**Data excerpts**
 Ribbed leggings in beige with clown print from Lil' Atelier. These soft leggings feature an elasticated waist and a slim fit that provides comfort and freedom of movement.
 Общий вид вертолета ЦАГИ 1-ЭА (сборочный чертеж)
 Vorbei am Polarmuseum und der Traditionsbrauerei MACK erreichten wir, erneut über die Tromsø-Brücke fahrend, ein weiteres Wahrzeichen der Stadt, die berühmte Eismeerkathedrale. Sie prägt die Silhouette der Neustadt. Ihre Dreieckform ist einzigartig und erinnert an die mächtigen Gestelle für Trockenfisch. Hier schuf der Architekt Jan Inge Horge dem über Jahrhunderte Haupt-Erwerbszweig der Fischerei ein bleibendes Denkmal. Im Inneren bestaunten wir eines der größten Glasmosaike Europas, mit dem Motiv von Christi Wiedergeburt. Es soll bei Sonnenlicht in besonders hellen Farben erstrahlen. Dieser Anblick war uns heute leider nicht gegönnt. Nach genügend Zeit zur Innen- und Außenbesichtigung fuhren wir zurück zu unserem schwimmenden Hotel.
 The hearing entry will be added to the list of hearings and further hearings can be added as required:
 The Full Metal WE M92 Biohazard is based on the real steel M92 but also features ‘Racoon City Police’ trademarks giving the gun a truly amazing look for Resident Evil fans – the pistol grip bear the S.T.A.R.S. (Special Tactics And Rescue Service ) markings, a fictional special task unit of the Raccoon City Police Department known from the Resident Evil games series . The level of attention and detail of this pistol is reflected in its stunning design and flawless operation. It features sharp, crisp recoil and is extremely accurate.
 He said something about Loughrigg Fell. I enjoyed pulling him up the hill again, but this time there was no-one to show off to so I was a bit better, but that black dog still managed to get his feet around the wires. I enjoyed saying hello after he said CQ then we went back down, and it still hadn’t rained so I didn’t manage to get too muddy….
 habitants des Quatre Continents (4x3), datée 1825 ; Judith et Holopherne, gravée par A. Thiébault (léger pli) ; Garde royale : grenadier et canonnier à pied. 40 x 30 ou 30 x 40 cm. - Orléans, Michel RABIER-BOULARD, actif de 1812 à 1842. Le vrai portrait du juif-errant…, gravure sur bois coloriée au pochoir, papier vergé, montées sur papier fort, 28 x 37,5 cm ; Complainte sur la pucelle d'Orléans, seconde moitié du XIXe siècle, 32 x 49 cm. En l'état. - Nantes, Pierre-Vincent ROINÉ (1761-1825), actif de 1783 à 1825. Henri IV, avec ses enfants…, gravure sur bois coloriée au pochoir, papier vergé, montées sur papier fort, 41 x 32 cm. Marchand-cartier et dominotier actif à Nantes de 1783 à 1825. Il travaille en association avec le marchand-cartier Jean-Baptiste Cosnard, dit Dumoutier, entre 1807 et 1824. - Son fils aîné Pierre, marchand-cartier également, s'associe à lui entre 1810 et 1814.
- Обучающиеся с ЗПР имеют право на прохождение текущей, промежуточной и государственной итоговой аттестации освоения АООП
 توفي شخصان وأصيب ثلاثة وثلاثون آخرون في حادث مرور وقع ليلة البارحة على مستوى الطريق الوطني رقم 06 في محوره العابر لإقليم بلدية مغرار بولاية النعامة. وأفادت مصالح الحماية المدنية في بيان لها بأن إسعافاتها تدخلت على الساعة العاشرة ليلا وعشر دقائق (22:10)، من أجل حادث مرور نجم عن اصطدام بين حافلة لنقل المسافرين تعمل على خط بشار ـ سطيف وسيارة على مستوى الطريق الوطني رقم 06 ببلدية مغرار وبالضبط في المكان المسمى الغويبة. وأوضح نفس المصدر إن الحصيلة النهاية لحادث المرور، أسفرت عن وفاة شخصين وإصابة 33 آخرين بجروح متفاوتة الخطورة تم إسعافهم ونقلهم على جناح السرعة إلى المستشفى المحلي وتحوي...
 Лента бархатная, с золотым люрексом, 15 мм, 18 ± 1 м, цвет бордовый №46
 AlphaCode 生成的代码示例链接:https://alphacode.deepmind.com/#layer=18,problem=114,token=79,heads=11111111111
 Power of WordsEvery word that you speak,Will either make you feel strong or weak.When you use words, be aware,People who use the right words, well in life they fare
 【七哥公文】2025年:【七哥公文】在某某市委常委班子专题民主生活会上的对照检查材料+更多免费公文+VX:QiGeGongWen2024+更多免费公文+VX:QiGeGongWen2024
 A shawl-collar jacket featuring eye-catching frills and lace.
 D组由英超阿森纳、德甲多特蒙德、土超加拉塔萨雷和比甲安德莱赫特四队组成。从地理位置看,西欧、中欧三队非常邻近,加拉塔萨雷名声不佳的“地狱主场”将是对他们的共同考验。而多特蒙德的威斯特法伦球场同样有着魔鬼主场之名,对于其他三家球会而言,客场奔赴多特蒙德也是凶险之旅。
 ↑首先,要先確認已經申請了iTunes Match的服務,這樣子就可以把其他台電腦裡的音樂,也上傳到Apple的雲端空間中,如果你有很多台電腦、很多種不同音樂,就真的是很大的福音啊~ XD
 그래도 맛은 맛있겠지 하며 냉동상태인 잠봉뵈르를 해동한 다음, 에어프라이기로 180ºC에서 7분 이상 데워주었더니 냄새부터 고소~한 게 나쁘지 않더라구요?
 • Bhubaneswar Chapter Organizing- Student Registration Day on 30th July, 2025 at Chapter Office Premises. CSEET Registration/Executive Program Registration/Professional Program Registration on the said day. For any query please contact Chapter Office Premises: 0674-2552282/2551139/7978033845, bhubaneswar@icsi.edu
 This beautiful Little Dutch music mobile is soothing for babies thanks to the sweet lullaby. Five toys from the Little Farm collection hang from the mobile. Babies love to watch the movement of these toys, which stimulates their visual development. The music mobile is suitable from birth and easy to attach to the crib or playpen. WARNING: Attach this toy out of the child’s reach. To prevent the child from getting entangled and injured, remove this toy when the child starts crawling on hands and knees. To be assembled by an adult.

**Assigned task**
Line tally for "that": say how many lines of the records above contain it, and give nothing but the number.

**Worked solution**
3